* GOAL OF THE EXERCISE:
From the first line to the last, write out the records exactly, leaving the pictures behind.

*** SOURCE DATA Section Begins ***

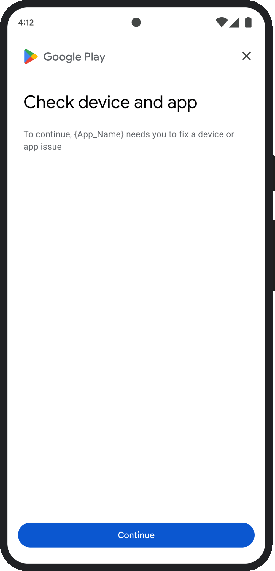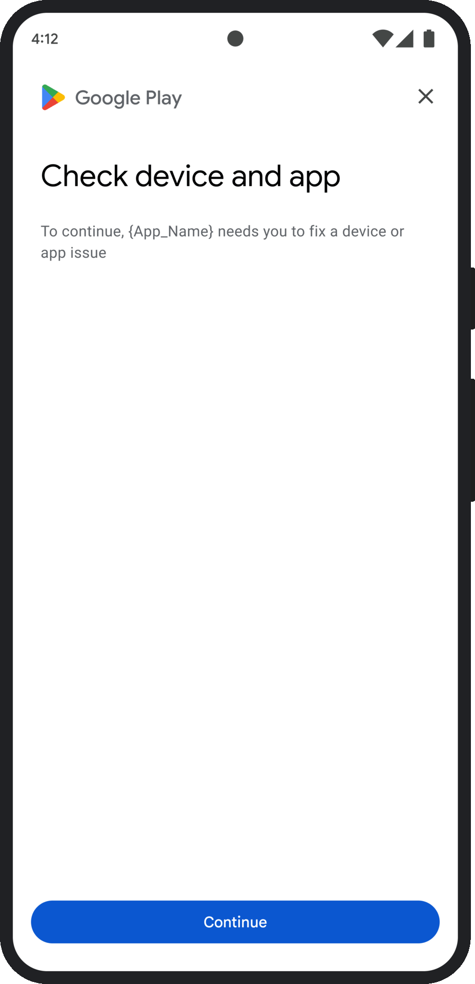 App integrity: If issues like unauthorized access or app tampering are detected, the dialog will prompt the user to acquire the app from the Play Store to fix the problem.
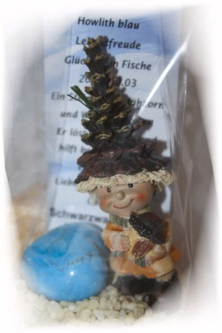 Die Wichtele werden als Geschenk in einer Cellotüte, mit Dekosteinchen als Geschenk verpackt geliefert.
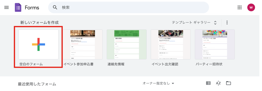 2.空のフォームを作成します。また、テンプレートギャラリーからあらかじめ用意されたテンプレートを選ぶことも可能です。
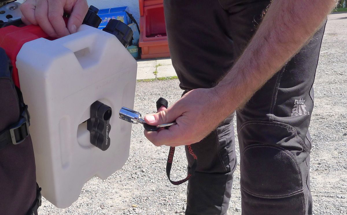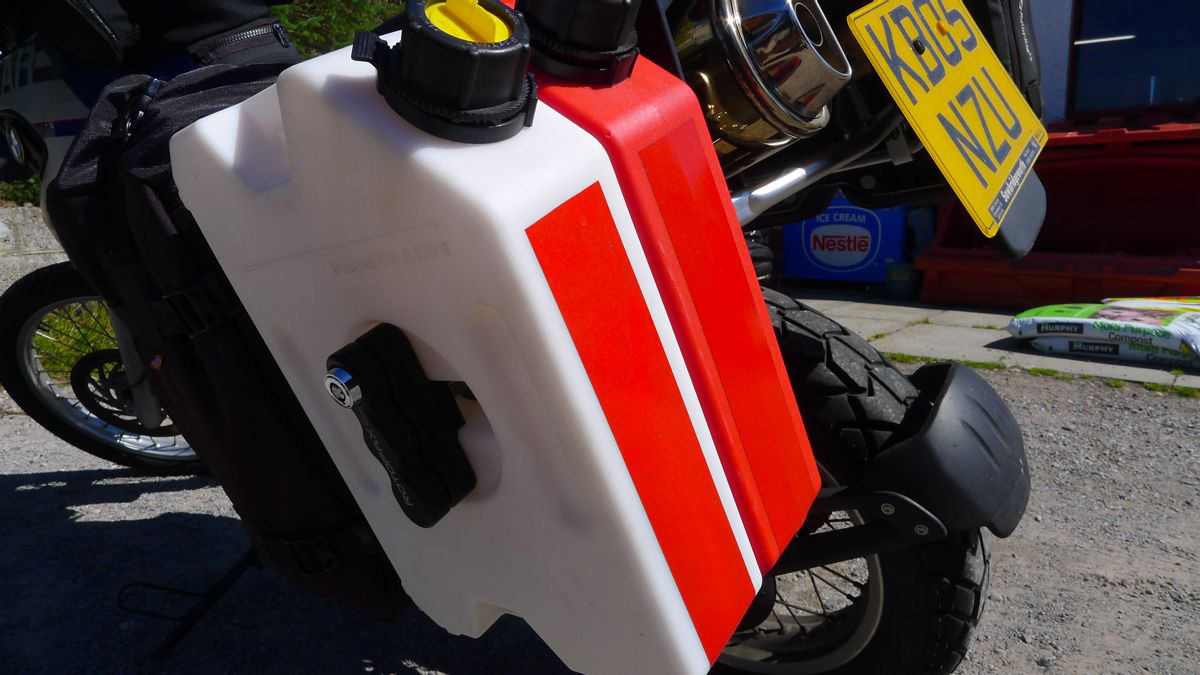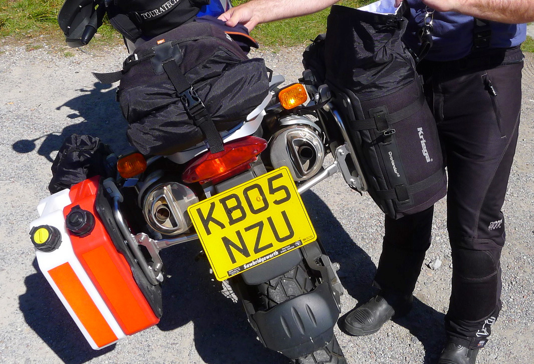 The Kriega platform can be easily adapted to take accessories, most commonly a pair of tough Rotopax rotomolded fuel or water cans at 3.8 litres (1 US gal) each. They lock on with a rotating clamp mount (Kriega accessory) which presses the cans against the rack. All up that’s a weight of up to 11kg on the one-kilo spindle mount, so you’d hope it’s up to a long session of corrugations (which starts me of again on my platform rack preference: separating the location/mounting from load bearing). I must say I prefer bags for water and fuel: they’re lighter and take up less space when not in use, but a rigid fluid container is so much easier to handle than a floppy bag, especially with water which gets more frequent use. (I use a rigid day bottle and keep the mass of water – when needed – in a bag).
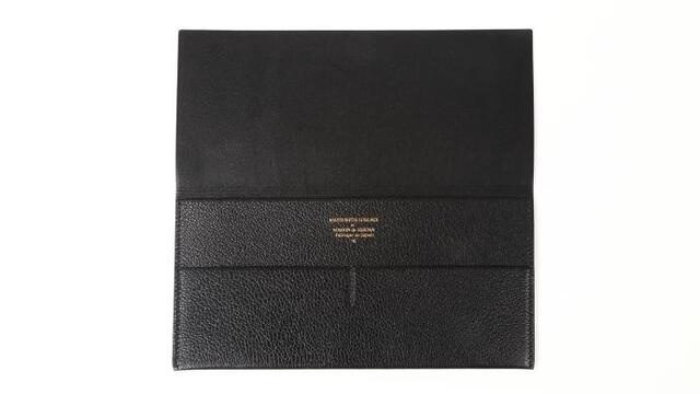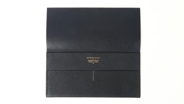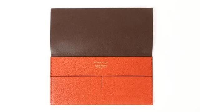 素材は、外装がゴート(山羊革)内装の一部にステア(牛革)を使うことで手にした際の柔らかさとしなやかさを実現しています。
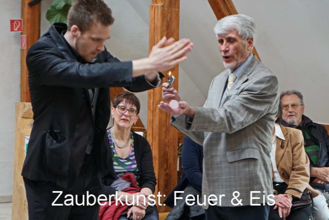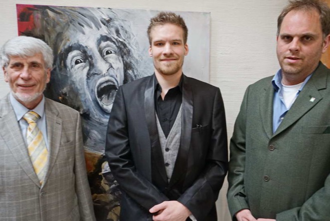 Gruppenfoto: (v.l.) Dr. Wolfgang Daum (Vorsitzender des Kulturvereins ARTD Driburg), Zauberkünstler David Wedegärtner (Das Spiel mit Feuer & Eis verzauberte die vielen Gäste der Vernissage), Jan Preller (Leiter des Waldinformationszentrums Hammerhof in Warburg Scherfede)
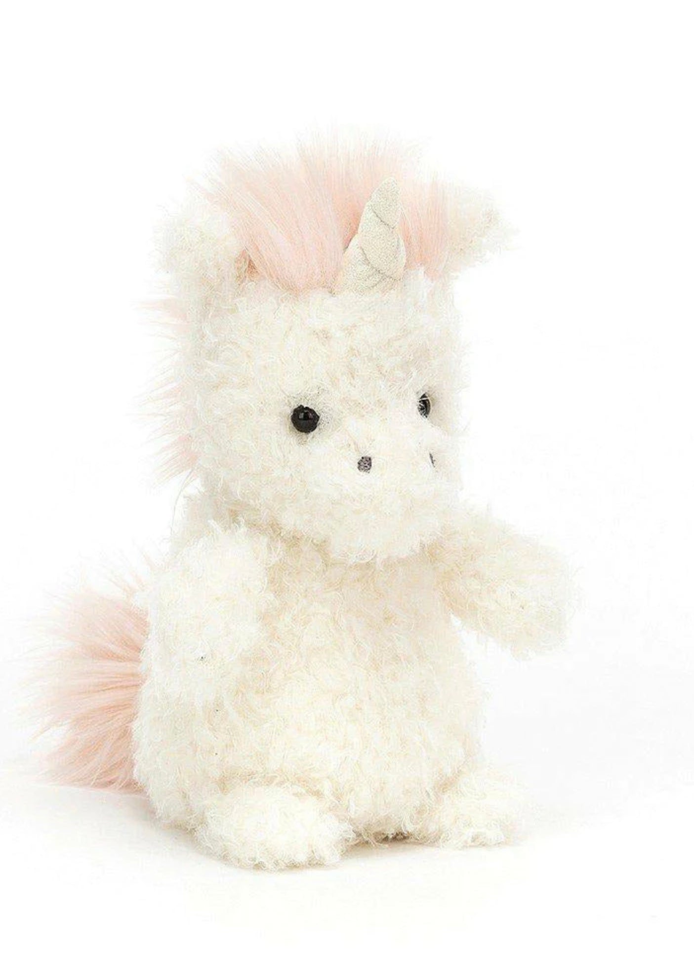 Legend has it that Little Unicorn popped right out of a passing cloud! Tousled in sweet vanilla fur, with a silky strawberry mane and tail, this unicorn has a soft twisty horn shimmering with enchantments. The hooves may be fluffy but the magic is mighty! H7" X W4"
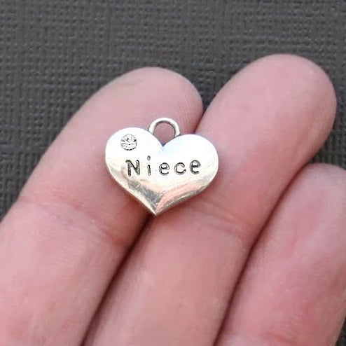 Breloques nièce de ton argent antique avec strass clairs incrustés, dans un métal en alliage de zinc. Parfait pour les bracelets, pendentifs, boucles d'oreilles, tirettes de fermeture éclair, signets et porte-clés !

*** SOURCE DATA Section Ends ***

* RESPONSE FOR THIS EXERCISE:
 App integrity: If issues like unauthorized access or app tampering are detected, the dialog will prompt the user to acquire the app from the Play Store to fix the problem.
 Die Wichtele werden als Geschenk in einer Cellotüte, mit Dekosteinchen als Geschenk verpackt geliefert.
 2.空のフォームを作成します。また、テンプレートギャラリーからあらかじめ用意されたテンプレートを選ぶことも可能です。
 The Kriega platform can be easily adapted to take accessories, most commonly a pair of tough Rotopax rotomolded fuel or water cans at 3.8 litres (1 US gal) each. They lock on with a rotating clamp mount (Kriega accessory) which presses the cans against the rack. All up that’s a weight of up to 11kg on the one-kilo spindle mount, so you’d hope it’s up to a long session of corrugations (which starts me of again on my platform rack preference: separating the location/mounting from load bearing). I must say I prefer bags for water and fuel: they’re lighter and take up less space when not in use, but a rigid fluid container is so much easier to handle than a floppy bag, especially with water which gets more frequent use. (I use a rigid day bottle and keep the mass of water – when needed – in a bag).
 素材は、外装がゴート(山羊革)内装の一部にステア(牛革)を使うことで手にした際の柔らかさとしなやかさを実現しています。
 Gruppenfoto: (v.l.) Dr. Wolfgang Daum (Vorsitzender des Kulturvereins ARTD Driburg), Zauberkünstler David Wedegärtner (Das Spiel mit Feuer & Eis verzauberte die vielen Gäste der Vernissage), Jan Preller (Leiter des Waldinformationszentrums Hammerhof in Warburg Scherfede)
 Legend has it that Little Unicorn popped right out of a passing cloud! Tousled in sweet vanilla fur, with a silky strawberry mane and tail, this unicorn has a soft twisty horn shimmering with enchantments. The hooves may be fluffy but the magic is mighty! H7" X W4"
 Breloques nièce de ton argent antique avec strass clairs incrustés, dans un métal en alliage de zinc. Parfait pour les bracelets, pendentifs, boucles d'oreilles, tirettes de fermeture éclair, signets et porte-clés !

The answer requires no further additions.